- 1Department of Clinical and Biological Sciences, University of Turin, San Luigi Gonzaga University Hospital, Turin, Italy
- 2Department of Clinical and Experimental Medicine, University of Foggia, Foggia, Italy
- 3Centre for Medicines Use and Safety, Monash University, Melbourne, VIC, Australia
Editorial on the Research Topic
Pharmacogenetics of psychiatric disorders
Psychotropic medications are the gold-standard for treating many different psychiatric disorders. Nevertheless, interindividual differences in the efficacy and adverse effects of these medications is a major challenge in clinical practice (Smoller, 2014). This variability can be attributed to the influence of genetic and non-genetic factors, but it is increasingly understood how genetics plays an important role in some cases (Maj et al., 2020; Maj et al., 2021; Salazar de Pablo et al., 2021). Pharmacogenomics (PGx) is the study of variability in medication response on a hereditary basis (Polasek, 2024). This field of study has taken-off in psychiatry because many psychotropic medications are metabolically cleared by polymorphic enzymes such as CYP2D6 (Lohoff and Ferraro, 2010; Muller, 2020). A genetic component can contribute to intolerable adverse effects via impaired metabolism, often leading to scarce medication adherence (Biso et al., 2024). Conversely, despite taking treatment, some individuals do not exhibit a sufficient clinical improvement, sometimes via increased metabolism causing sub-therapeutic concentrations. These situations are classified as PGx via pharmacokinetic changes (Polasek, 2024). Variation in the genes encoding proteins that directly determine pharmacodynamics also occurs (e.g., molecular targets), and this type of PGx is now receiving increased attention, although the clinical importance of these genes is still poorly understood compared with those affecting pharmacokinetics (Mostafa et al., 2022; Polasek and Peck, 2024). Despite many challenges, PGx testing with psychotropic medications is beginning to allow for more personalized prescribing (Pirmohamed, 2023; Polasek et al., 2019). In this Research Topic, four interesting manuscripts are presented – three that are concerned with the clinical implementation of PGx in psychiatry practice (Barlati et al.; Polasek; Tesfamicael et al.) and one that demonstrates the complexities of the underlying molecular mechanisms involved in treating drug abuse and dependence, in this case, L-methionine for cocaine addiction (Wang et al.).

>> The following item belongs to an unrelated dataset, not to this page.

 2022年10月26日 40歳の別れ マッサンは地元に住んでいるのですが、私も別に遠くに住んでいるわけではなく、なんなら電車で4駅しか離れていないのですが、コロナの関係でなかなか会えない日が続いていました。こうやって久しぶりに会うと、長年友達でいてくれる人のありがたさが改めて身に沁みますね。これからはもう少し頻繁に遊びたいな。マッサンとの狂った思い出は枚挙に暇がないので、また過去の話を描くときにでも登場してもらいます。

Pharmacogenomics can be used “pre-emptively” and “reactively” in relation to prescribing, to avoid future patient harm from medications and to diagnose medication-related problems, respectively (Polasek). The PGx benefit score (PGxBS) was proposed as a way to quantitatively measure the congruency between medication-related problems and actionable genotypes with high levels of clinical evidence according to the clinical pharmacogenomics implementation consortium guidelines (CPIC). Polasek described a structured approach to PGx consulting in medical practice, consisting of the following steps: listing current and past medications, determining the availability of PGx guidelines for each medication, assessing adequacy of therapeutic trials (dose and duration of treatment), determining therapeutic outcomes (intolerable adverse effects and/or unexplained poor efficacy), deciding on the congruency between therapeutic outcomes and the PGx tests results, and finally, calculating the patient’s PGxBS. Positive scores indicate congruency between PGx and therapeutic outcomes, whereas negative scores mean incongruency, suggesting that PGx has been unhelpful in explaining the patient’s medication-related problems. Since this paper introduces the PGxBS for the first time, further work is required to determine its clinical utility.

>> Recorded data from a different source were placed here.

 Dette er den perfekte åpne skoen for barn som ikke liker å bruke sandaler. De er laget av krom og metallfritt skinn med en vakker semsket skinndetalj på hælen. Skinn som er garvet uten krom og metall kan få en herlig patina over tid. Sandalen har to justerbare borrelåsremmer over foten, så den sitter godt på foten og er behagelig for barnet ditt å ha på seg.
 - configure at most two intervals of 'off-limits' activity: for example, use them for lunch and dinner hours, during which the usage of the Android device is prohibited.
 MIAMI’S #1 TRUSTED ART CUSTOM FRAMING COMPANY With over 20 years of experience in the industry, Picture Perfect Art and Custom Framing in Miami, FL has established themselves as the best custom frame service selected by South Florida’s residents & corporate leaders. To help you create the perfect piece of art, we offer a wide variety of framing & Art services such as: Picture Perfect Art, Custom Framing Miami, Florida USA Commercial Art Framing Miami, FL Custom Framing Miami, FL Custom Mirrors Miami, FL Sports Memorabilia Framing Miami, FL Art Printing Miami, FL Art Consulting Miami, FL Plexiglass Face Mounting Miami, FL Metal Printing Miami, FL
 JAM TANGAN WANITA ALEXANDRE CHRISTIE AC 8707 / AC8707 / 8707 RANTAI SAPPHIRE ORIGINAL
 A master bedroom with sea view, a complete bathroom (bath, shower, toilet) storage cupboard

Through a systematic review and an updated meta-analysis, Tesfamicael et al. summarized the efficacy and safety of PGx-guided antidepressant prescribing in patients with major depression (Tesfamicael et al.). Compared to patients getting treatment as usual, patients who received PGx-guided antidepressants had a 41%–78% higher chance of achieving remission and a 20%–49% higher chance of responding to antidepressants. However, their evaluation also revealed that the evidence regarding the effectiveness of PGx testing in depression varies greatly, with study design and the type of PGx test having a significant impact on outcomes. Furthermore, evaluating the effectiveness of PGx-guided treatment was the focus of most studies. The safety of PGx-guided antidepressant prescribing, however, is not well supported by the research to date. Lastly, there is scant or no data about the effects of PGx-guided antidepressant treatment on quality of life, recovery, relapse or suicide rates. Identifying which antidepressants benefit more from using PGx for better response would be a useful contribution for the regulatory and consortium agencies to conduct additional research and validations. This study builds on the numerous systematic reviews and meta-analyses published on this topic over the last few years, supporting the general conclusion that PGx-antidepressant prescribing improves the rates of response and remission, at least in the first few months of treatment (Brown et al., 2022).
Also regarding major depression, the minireview presented by Barlati et al. highlighted how, despite some encouraging results, several critical issues should be taken into account when considering PGx-guided antidepressant prescribing (Barlati et al.). Since significant changes of clinical relevance may occur during this time, and the duration of response and sustained remission represent aspects that should be carefully evaluated, it is important to analyse clinical outcomes after at least 8 weeks, which represents the typical duration of treatment of a depressive episode in the acute phase, and to extend the evaluation for 12 or 24 weeks. Moreover, the absence of prescriber does not preclude a potential influence on outcome assessment. Future research should use a more uniform approach to participant inclusion criteria and consider a further key factors that define the clinical definition of major depressive disorder. Comorbidities, substance and alcohol addiction, trauma history and a family history of psychiatric disorders are additional crucial factors. Most clinical studies predominantly enrol Caucasian females in middle age, and many studies have significant financial conflicts of interest. In conclusion, this minireview suggests that PGx testing may be beneficial in the management of major depression, nevertheless, it is still unclear if PGx can be applied routinely in clinical practice away from specialist centres who have considerable PGx experience.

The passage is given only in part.